**Data to process**.
▽
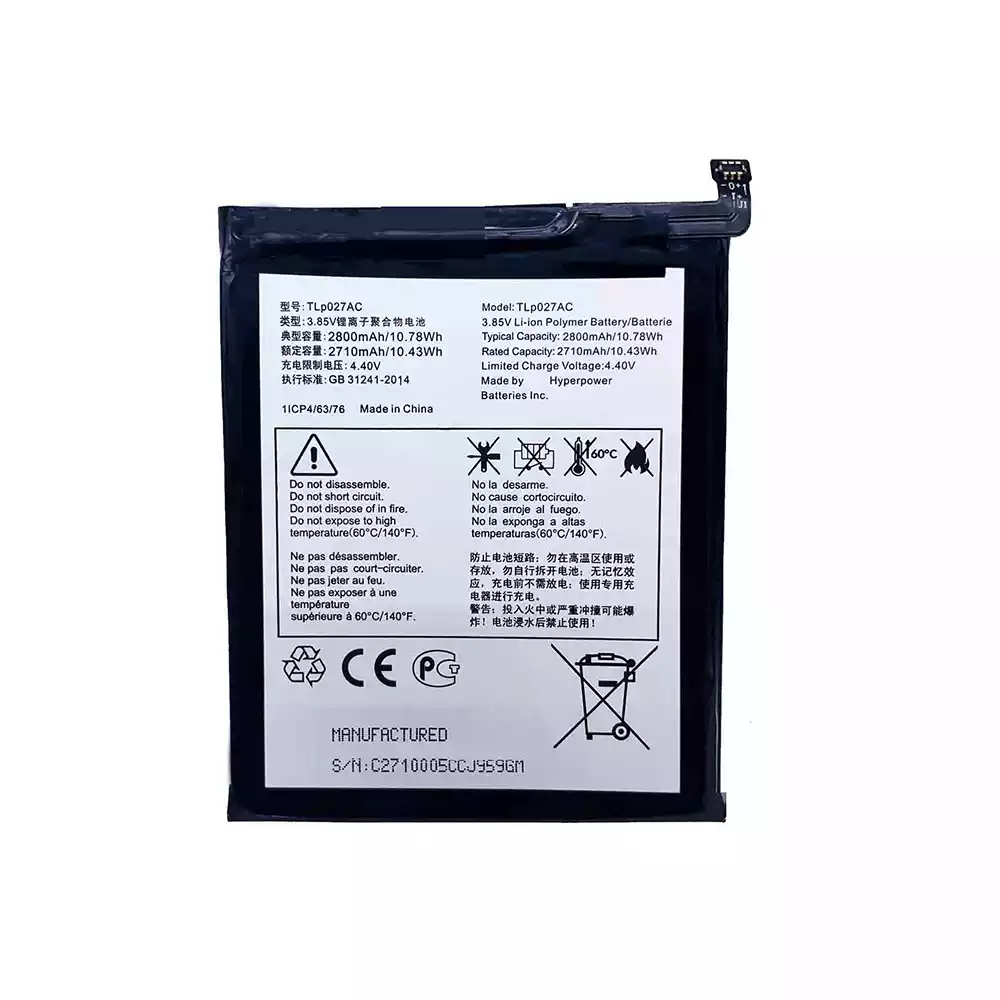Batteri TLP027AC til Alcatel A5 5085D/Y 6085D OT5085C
△
▽
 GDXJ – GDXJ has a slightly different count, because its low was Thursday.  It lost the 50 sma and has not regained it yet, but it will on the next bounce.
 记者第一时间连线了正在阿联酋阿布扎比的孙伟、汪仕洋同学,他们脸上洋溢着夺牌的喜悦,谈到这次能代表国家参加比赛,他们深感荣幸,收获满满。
△
▽
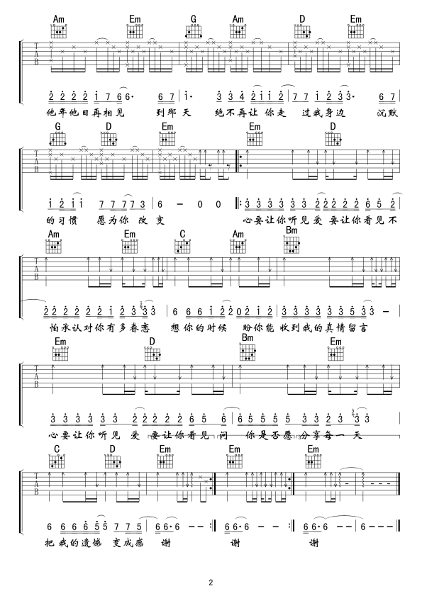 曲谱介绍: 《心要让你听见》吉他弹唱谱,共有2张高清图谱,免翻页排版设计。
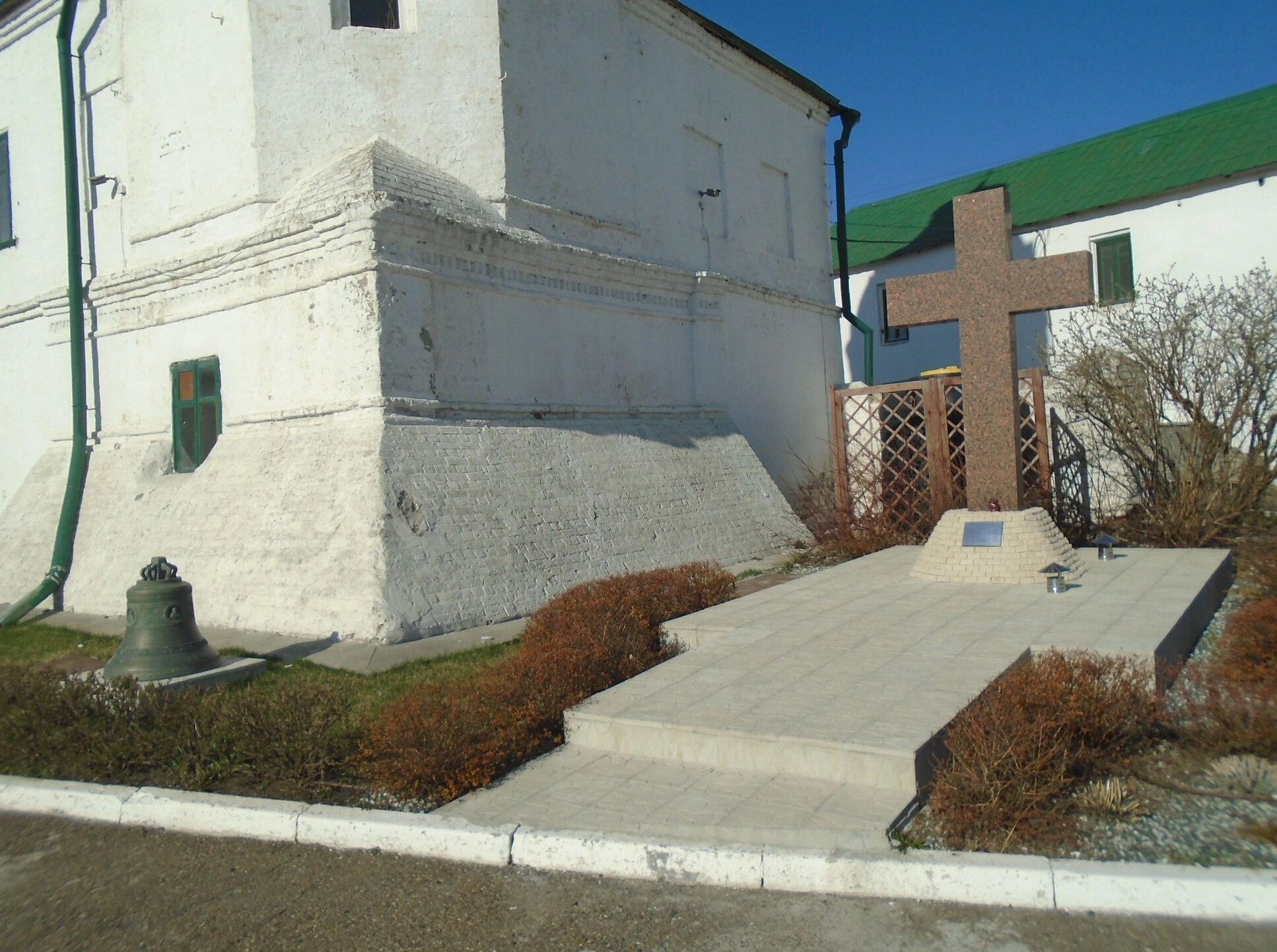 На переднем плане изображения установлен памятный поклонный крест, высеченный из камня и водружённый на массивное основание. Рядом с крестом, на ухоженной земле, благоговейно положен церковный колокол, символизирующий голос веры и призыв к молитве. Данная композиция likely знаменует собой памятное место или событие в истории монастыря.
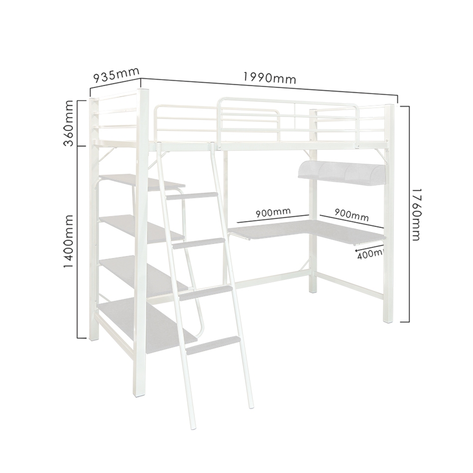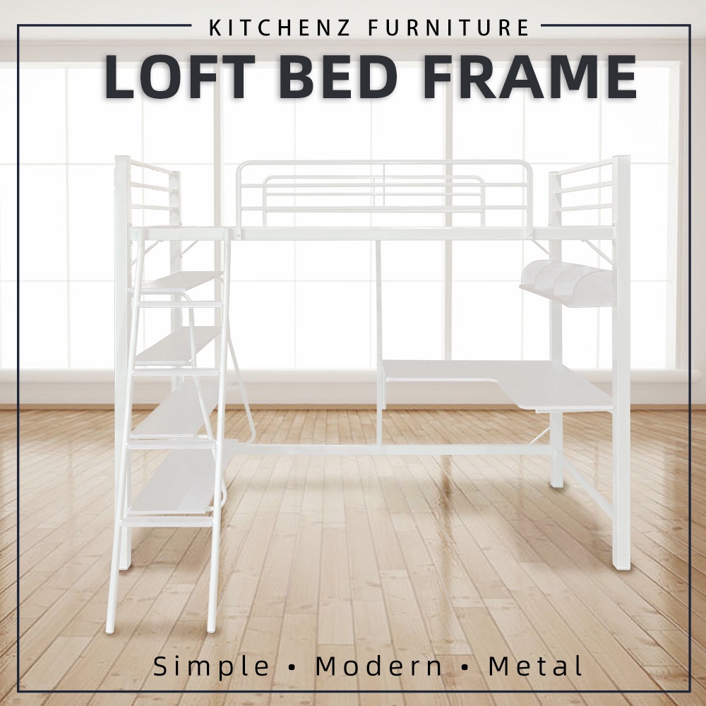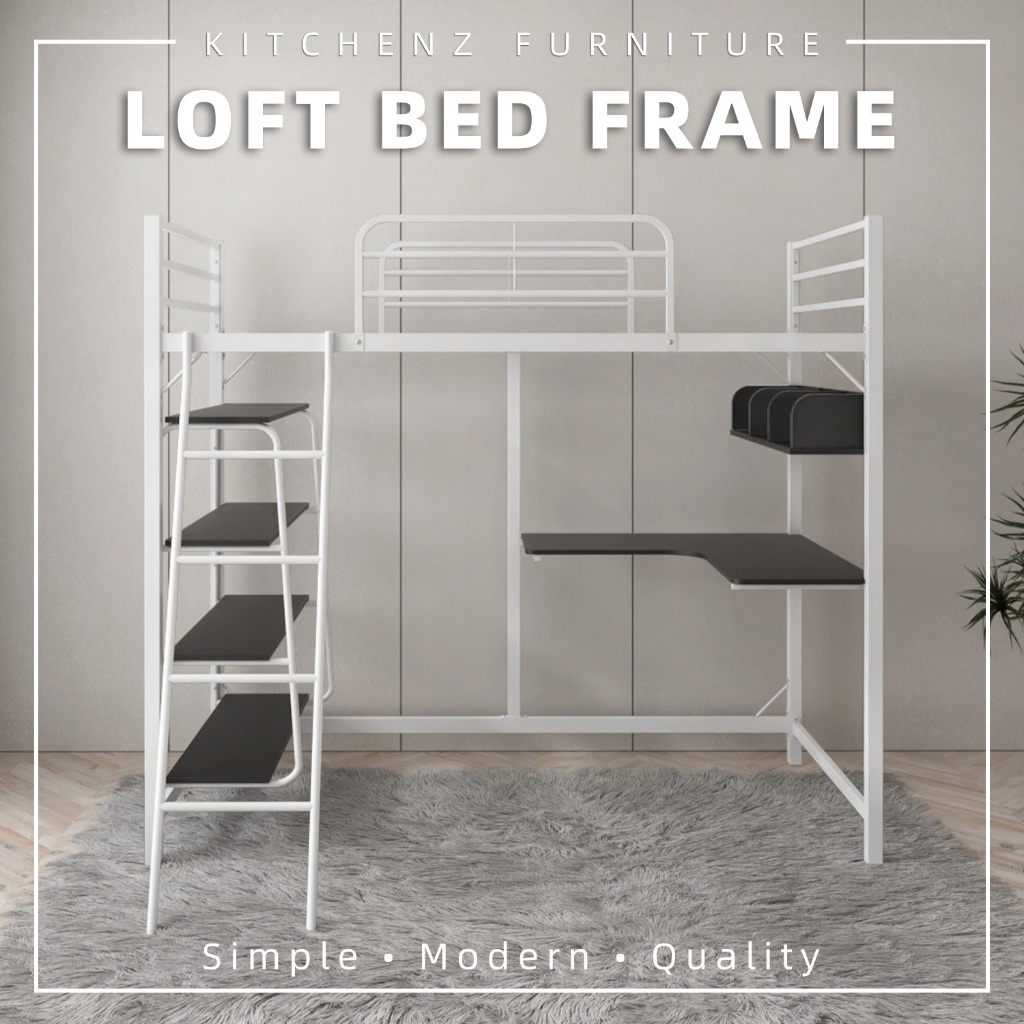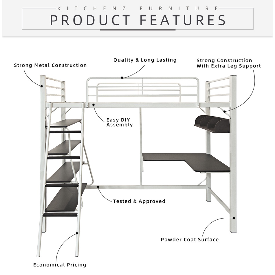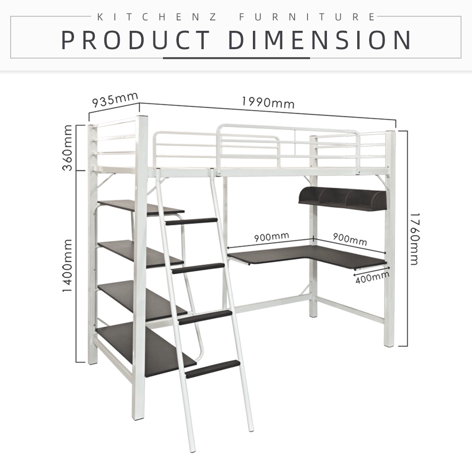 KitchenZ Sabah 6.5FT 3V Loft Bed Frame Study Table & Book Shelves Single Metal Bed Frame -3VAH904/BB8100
△
**Your goal**.
Please repeat, exactly as written, the lines in the records above, starting with the one that has "曲谱介绍: 《心要让你听见》吉他弹唱谱,共有2张高清图谱,免翻页排版设计。" and going on through the one that has "На переднем плане". Pictures are to be left out.

**Written response**.
 曲谱介绍: 《心要让你听见》吉他弹唱谱,共有2张高清图谱,免翻页排版设计。
 На переднем плане изображения установлен памятный поклонный крест, высеченный из камня и водружённый на массивное основание. Рядом с крестом, на ухоженной земле, благоговейно положен церковный колокол, символизирующий голос веры и призыв к молитве. Данная композиция likely знаменует собой памятное место или событие в истории монастыря.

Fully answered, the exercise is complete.